# [Task instructions]
Begin your copy at the line with "தலியா(கோதுமை ரவை) கேசரிதேவையான" in the records below and end it at the line with "CAKE DECOR™ Rose", restating each line word for word; omit the pictures.
Top of Data for this exercise
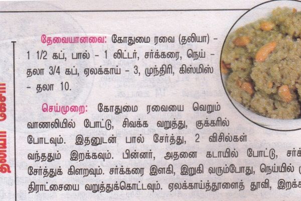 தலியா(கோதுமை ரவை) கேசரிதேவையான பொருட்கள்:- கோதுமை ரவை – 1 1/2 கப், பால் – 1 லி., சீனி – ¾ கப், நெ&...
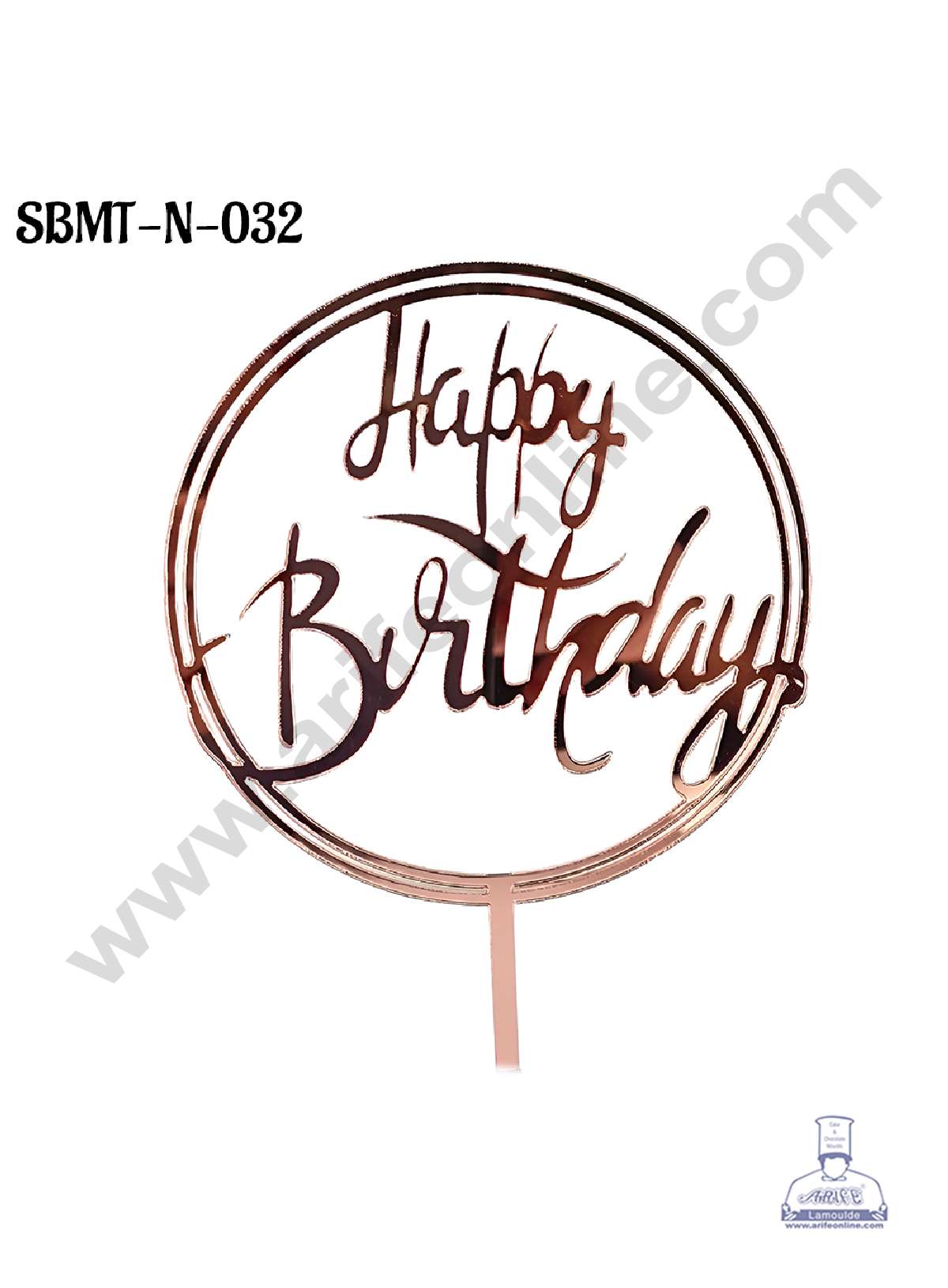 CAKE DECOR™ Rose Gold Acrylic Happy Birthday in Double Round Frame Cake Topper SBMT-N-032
Bottom of Data for this exercise
Top of Data for this exercise
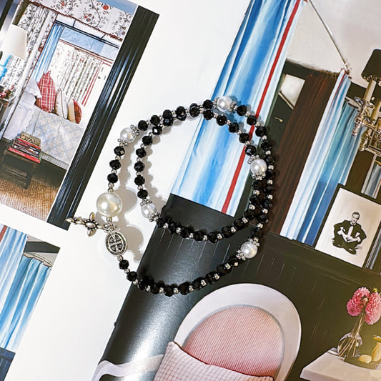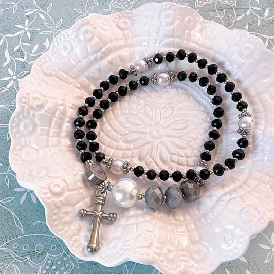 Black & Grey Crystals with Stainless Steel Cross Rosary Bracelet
Bottom of Data for this exercise
# [Response area]
 தலியா(கோதுமை ரவை) கேசரிதேவையான பொருட்கள்:- கோதுமை ரவை – 1 1/2 கப், பால் – 1 லி., சீனி – ¾ கப், நெ&...
 CAKE DECOR™ Rose Gold Acrylic Happy Birthday in Double Round Frame Cake Topper SBMT-N-032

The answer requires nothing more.